The broad focal range on the Olympus SZ-20 is equivalent to an ultra wide 24mm to 300mm in 35mm terms, so just a little more modest than the Nikon S9100, Canon SX220 HS and Panasonic TZ20. But then the Olympus is around £30 cheaper than the current most affordable of these three, the SX20 HS, if going by the best street price we could find at the time of writing.
As well as ensuring a comfortable hold Olympus has made a stab at future proofing its model by including a 3D shooting mode, being the first stills camera manufacturer outside of those that also produce compatible TVs (Sony, Panasonic), and Fujifilm’s standalone true 3D model in the FinePix W3, to do so. Unlike the Fuji, the Olympus features neither two lenses nor two sensors with which to produce its single stereoscopic image. Instead it merely takes two separate images and combines them. A ghostly version of the first image taken remains on the screen whilst the user lines up the second shot. The camera then automatically fires its shutter when it deems the images sufficiently in sync – so in this respect Olympus keeps things simple.
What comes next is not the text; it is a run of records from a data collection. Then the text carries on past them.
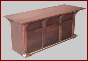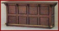 Hand made and polished bar counter with inset panelling as item PF006 above, brass foot rail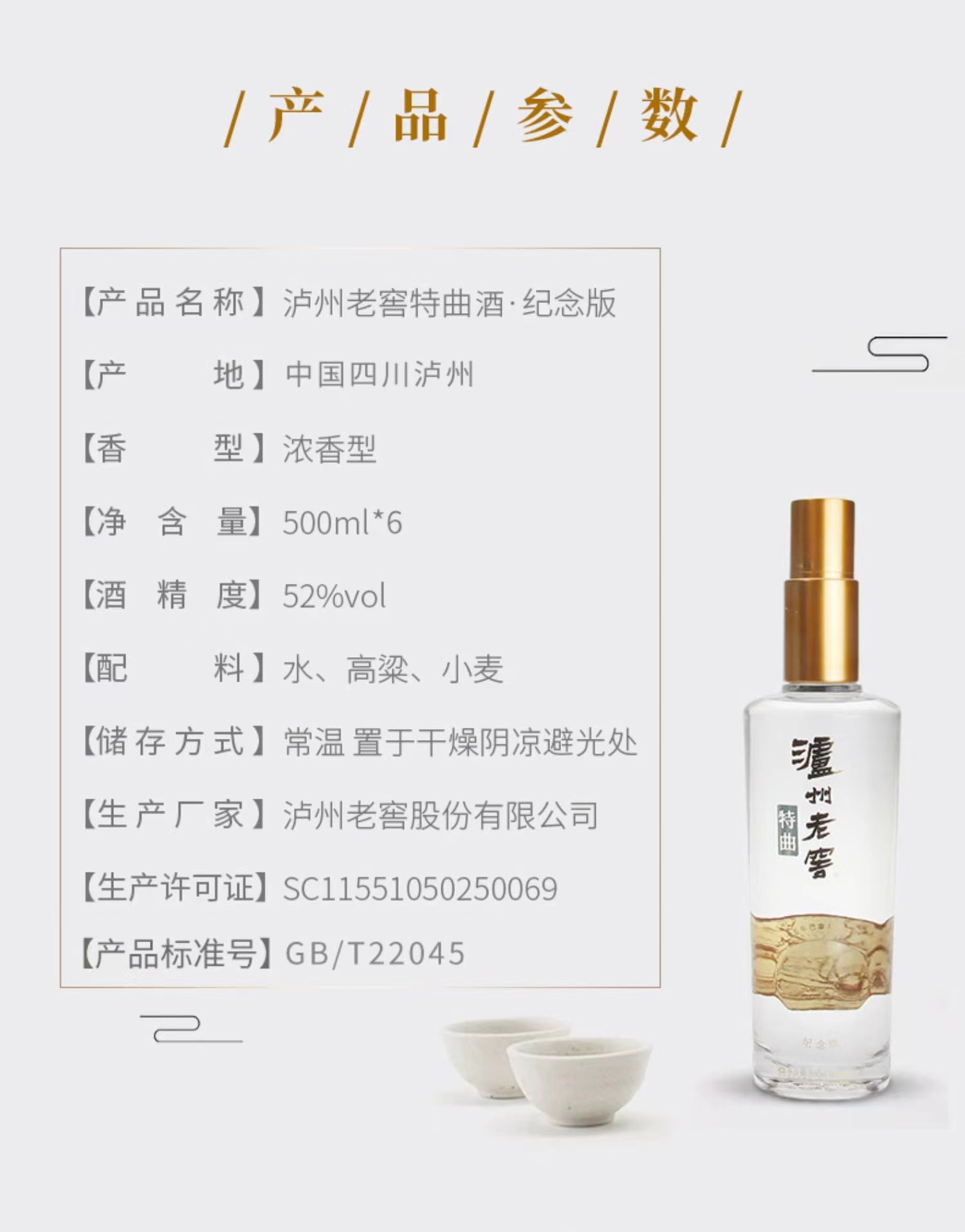 【泸州老窖官方形象店】52度特曲纪念版 500ml*6 浓香型 整箱白酒
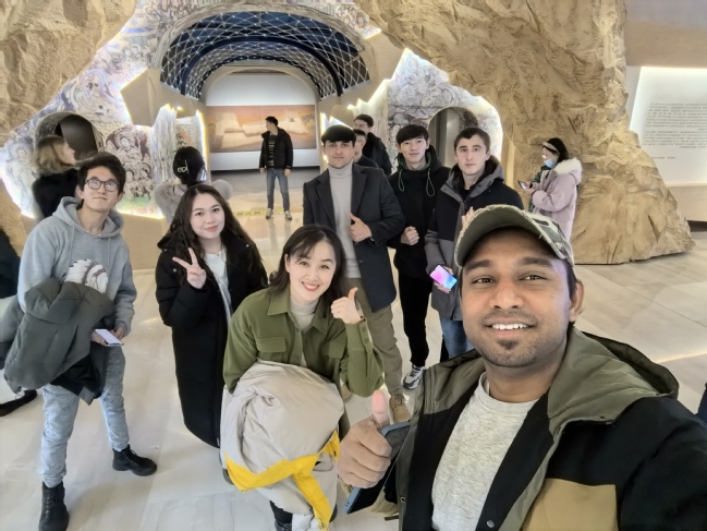 活动第二部分为打卡新疆美术馆,在校留学生在老师的带领下,有序参观了新疆美术馆“回归原点”巡展、书法篆刻展、壁上壁下等多个展览,让留学生实地感受了中国艺术,在观展过程中加深对中国的感性认识。来自孟加拉的留学生孟兵说:“感谢学校安排这么有趣的活动,能看到这么多美好的作品。”来自塔吉克斯坦的留学生和平说:“期待下一次活动,去更多有趣的地方看一看。”

This process generates an MPO image file that is only viewable on a 3D TV, though a low res 2D JPEG, which can be viewed on the back screen as normal, is also produced alongside for reference. It’s a fun extra and another selling point, as is a Smart Panorama mode, similar to Sony’s Sweep Panorama. The camera automatically generates an elongated image as the user sweeps the camera through an arc, though the result looks distinctly low resolution, so you probably won’t want to hang it on the wall.
As with competitors the SZ-20 further offers Full HD video capture, with a red record button provided where the thumb naturally lands top right of the backplate. HDMI connectivity is also present courtesy of a port sitting under a side flap, along with a combined USB/AV output. For its asking price then the SZ-20 would seem to have most boxes ticked, with the exception of cost boosting built-in GPS, for anyone looking for a comprehensively featured travel zoom.